Seu estômago se revirou. O câncer, uma fera roendo por dentro, despertou.
Ela assentiu.
"Claro, Sr. Ferraz."
Ela passou uma hora se esquivando das mãos atrevidas e dos comentários sugestivos de Albuquerque, com um sorriso forçado no rosto, enquanto suas entranhas gritavam.
O esforço, o estresse, a deixaram tonta, uma dor ardente no abdômen.
Ela conseguiu a assinatura dele.
Heitor a observou retornar, um brilho de algo indecifrável em seus olhos. Jéssica sorriu com desdém.
Mais tarde, um homem a abordou. Sr. Dantas, chefe de uma empresa de tecnologia rival.
"Sra. Rezende, isso foi impressionante. Ou talvez, patético. De qualquer forma, você tem garra. Minha empresa poderia usar alguém como você. O dobro do seu salário atual. Projetos de verdade."
Uma fuga. Uma tábua de salvação.
Amanda olhou para ele, seus olhos sem vida.
"Obrigada, Sr. Dantas. Mas eu tenho obrigações aqui."
Uma dívida a pagar. A vida de Lívia pela dela. Este sofrimento era sua moeda.
Dantas balançou a cabeça, um toque de pena em seus olhos.
"Como quiser."
Heitor a encontrou do lado de fora de seu prédio de apartamentos caindo aos pedaços mais tarde naquela noite.
As luzes da cidade não alcançavam aquela rua escura.
Ele agarrou seu braço, seus dedos cravando-se nela.
"O que foi aquilo com o Dantas?"
Seu rosto estava perto, seu hálito cheirando a uísque caro.
"Ele me ofereceu um emprego."
"E?"
"Eu recusei."
Uma expressão estranha cruzou seu rosto. Raiva, dor, confusão.
Ele a beijou então. Áspero, brutal. Um castigo, não afeto.
Ele a empurrou contra a parede de tijolos, a superfície áspera arranhando suas costas.
"Você está gostando disso?", ele sibilou, sua voz crua. "Me fazer ver você sofrer? É esse o seu jogo doentio?"
Amanda sentiu uma onda de náusea. Ela não lutou.
"Estou fazendo o que tenho que fazer, Heitor." Sua voz era quase um sussurro.
O celular dele vibrou.
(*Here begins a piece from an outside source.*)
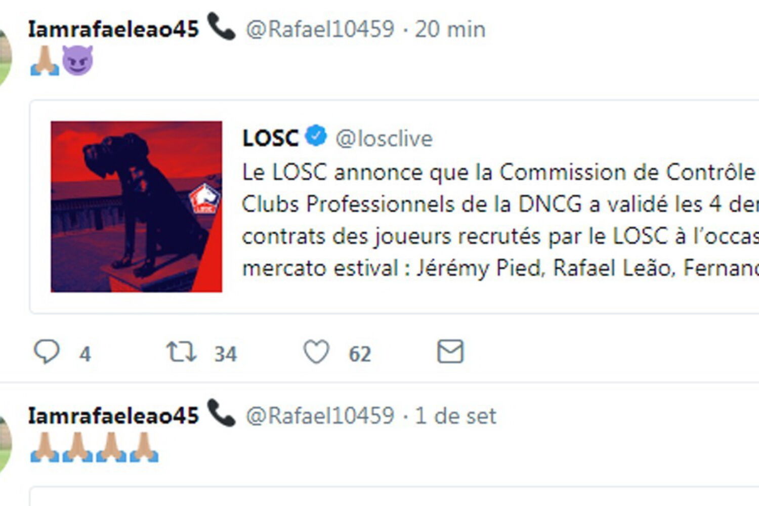 Le LOSC annonce que la Commission de Contrôle des Clubs Professionnels de la DNCG a validé les 4 derniers contrats des joueurs recrutés par le LOSC à l’occasion du mercato estival : Jérémy Pied, Rafael Leão, Fernando Costanza et Rui Fonte. pic.twitter.com/MpJVlRtXO3

O nome de Jéssica brilhou na tela.
Ele a soltou abruptamente, seu rosto se fechando.
"Não pense que isso muda alguma coisa."
Ele se virou e se afastou, atendendo a ligação.
"Jéssica, sim, estou a caminho."
Amanda deslizou pela parede enquanto o carro dele desaparecia.
Dentro de seu minúsculo apartamento, ela mal conseguiu chegar ao banheiro antes de vomitar.
Sangue se misturava na água. Vermelho. Como o vestido de Lívia naquela noite.
Ela se encolheu no chão frio, a dor uma companheira familiar.
Esta era sua penitência. Por Lívia.
Ela fechou os olhos, aceitando. Dando as boas-vindas ao fim.
A morte seria uma libertação. Uma expiação.